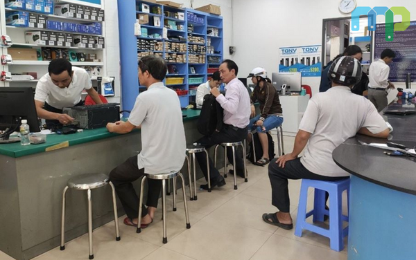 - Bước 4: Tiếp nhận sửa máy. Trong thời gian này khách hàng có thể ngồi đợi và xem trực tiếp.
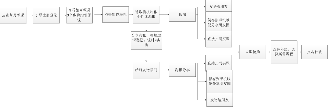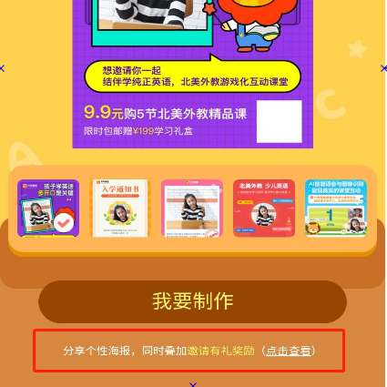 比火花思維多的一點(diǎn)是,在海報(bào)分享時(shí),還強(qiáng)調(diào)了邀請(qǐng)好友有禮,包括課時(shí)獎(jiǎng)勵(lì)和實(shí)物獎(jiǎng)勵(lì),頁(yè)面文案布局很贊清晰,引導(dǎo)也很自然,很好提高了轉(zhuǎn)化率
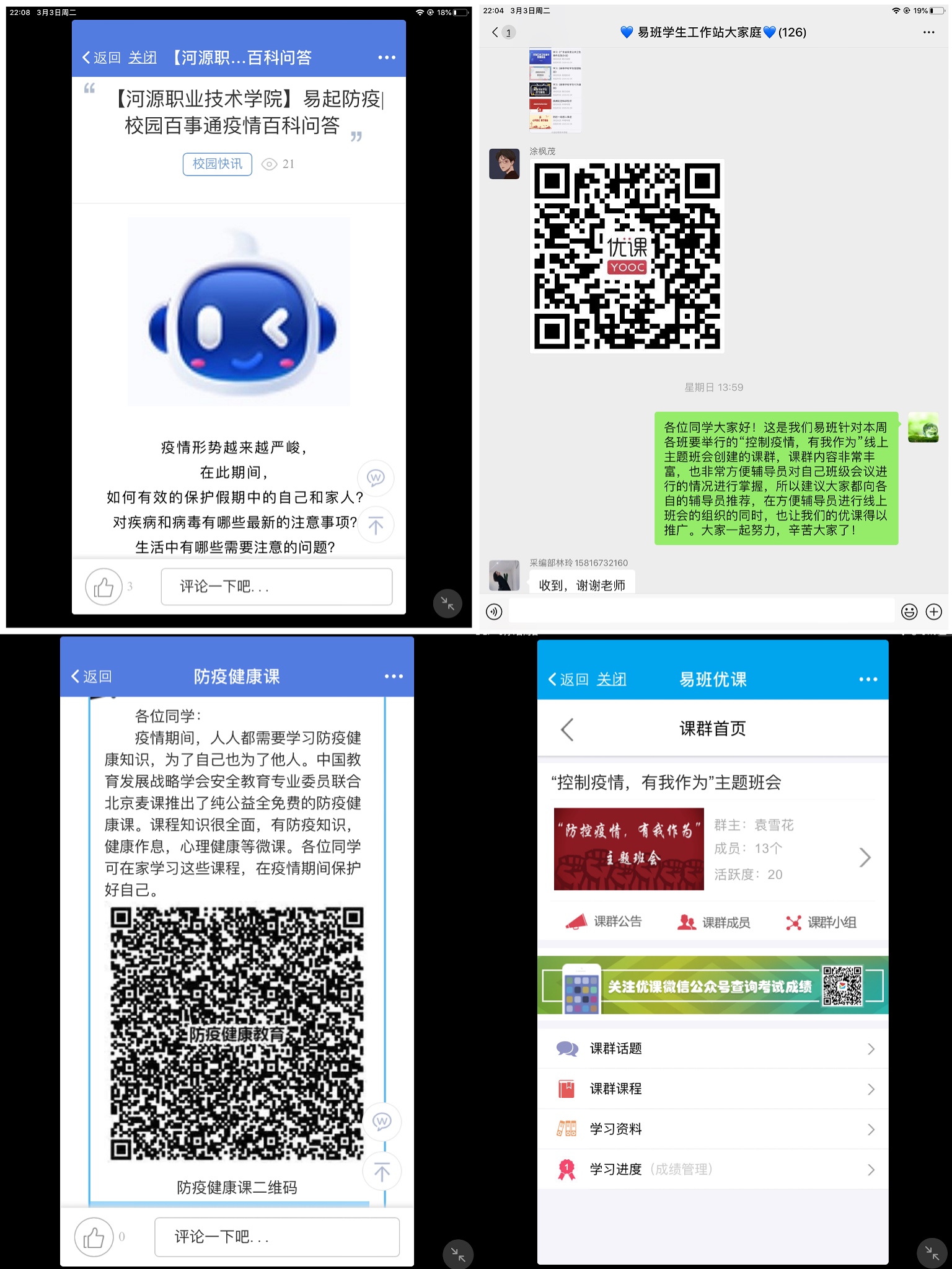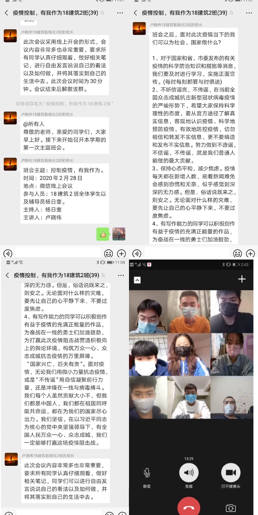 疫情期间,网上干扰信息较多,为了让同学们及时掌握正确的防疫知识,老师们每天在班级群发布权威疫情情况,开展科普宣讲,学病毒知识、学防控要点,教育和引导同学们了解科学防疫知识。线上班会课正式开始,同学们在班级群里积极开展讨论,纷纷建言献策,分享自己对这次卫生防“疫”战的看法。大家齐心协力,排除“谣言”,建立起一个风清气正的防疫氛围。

About this task: Set down the whole listing exactly as given, except for the pictures.

Output below:
 - Bước 4: Tiếp nhận sửa máy. Trong thời gian này khách hàng có thể ngồi đợi và xem trực tiếp.
 比火花思維多的一點(diǎn)是,在海報(bào)分享時(shí),還強(qiáng)調(diào)了邀請(qǐng)好友有禮,包括課時(shí)獎(jiǎng)勵(lì)和實(shí)物獎(jiǎng)勵(lì),頁(yè)面文案布局很贊清晰,引導(dǎo)也很自然,很好提高了轉(zhuǎn)化率
 疫情期间,网上干扰信息较多,为了让同学们及时掌握正确的防疫知识,老师们每天在班级群发布权威疫情情况,开展科普宣讲,学病毒知识、学防控要点,教育和引导同学们了解科学防疫知识。线上班会课正式开始,同学们在班级群里积极开展讨论,纷纷建言献策,分享自己对这次卫生防“疫”战的看法。大家齐心协力,排除“谣言”,建立起一个风清气正的防疫氛围。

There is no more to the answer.